Very good article with handy hints.

While recently in Cambodia, I bought 24 pack of bottled water. I’d carry a few around in my back pack each day. If I felt the tuk tuk driver was honest in his price and was friendly, along with the fare and tip, I’d give him a bottle of water.

I also gave bottles of water to people who were working hard like the two guys who were picking rubbish up off the streets in sweltering 35 degree weather and putting it in a push cart. The cart was full, and they were drenched in sweat. So I smiled and gave them a bottle of water each and they smiled back and were very thankful.

There was also a lady cutting the grass in a park, using just a pair of scissors. She had a long way to go, I hope the water helped her do her job that day.

It was my second time to Cambodia, I’m in love with that country and know I’ll be return again in the future.

Thanks for sharing your uplifting experience Steve. I suspect what these local people responded to most was your friendly engagement with them, your acknowledgement of their good and hard work and your smile. You recognised and appreciated their efforts.

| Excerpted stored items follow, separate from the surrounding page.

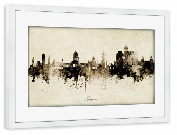 Poster mit Rahmen weiß "Havana Cuba Skyline Sepia" artboxONE - Städte - Havana,Cuba,Skyline,Cityscape,Stadtbild,Watercolor,Painting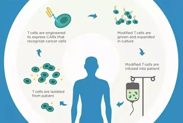 近兩年還有一個非常熱門的細胞治療的方法叫CAR-T技術(shù),簡單來說它就是一個人工制造的殺傷性細胞。我們知道細胞殺傷的時候,它要能夠找到腫瘤的靶標(biāo),但在人體的免疫系統(tǒng)當(dāng)中能夠精確識別腫瘤的這種靶細胞還是非常少的,所以科學(xué)家就考慮能不能給這些殺傷細胞裝上一雙眼睛、裝上一根天線讓它更準(zhǔn)確識別腫瘤細胞,這樣提高了殺傷的準(zhǔn)確性和效率都。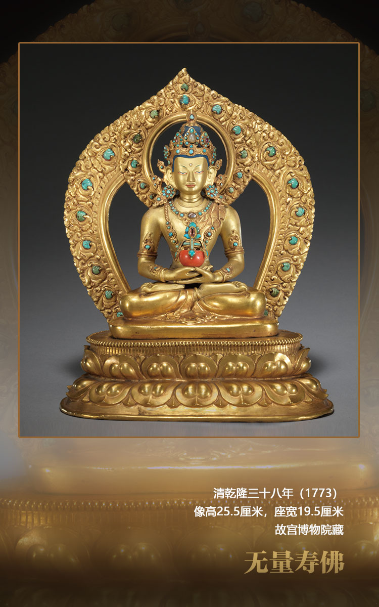 這尊造像與其他五十五尊同樣造型的無(wú)量壽佛,一同供奉在紫禁城養(yǎng)性殿西暖閣佛堂的一座八面七層的紫檀木佛塔中。根據(jù)《六世班禪洛桑巴丹益希傳》、內(nèi)務(wù)府造辦處《活計(jì)檔》及軍機(jī)處滿文檔案的記載,乾隆帝在乾隆三十五年(1770)寧壽宮區(qū)域營(yíng)建開(kāi)始前,即乾隆三十三年(1768)向六世班禪訂做了這五十六尊無(wú)量壽佛,佛像圖樣、鑲嵌寶石等材料均為宮廷提供。這些造像于乾隆三十八年完成并送回宮廷,此后一直供奉于養(yǎng)性殿佛堂至今。乾隆四十五年(1780)六世班禪進(jìn)京朝覲,還曾親自瞻仰過(guò)此塔此像。故這組無(wú)量壽佛,是乾隆時(shí)期宮廷審美與扎什倫布寺造像技術(shù)的高度融合,經(jīng)過(guò)乾隆帝本人親自設(shè)計(jì),又有明確的制作時(shí)間,是清代宮廷造像及扎什倫布寺造像研究的重要標(biāo)型器物。

Your intentions are obviously very kind-hearted, but one thing you might want to consider is not giving ‘things’, and preferably not bottled water for environmental reasons. It can be a tricky situation when we’re in developing countries, but when there’s a business transaction, like with the tuk tuk driver, a small tip is often greatly appreciated. And with the others…a good test of an action is the universal question: “What if everyone did this?” or “How would I feel if someone did this to me?” With the workers you passed, a smile and positive, encouraging body language speaks volumes.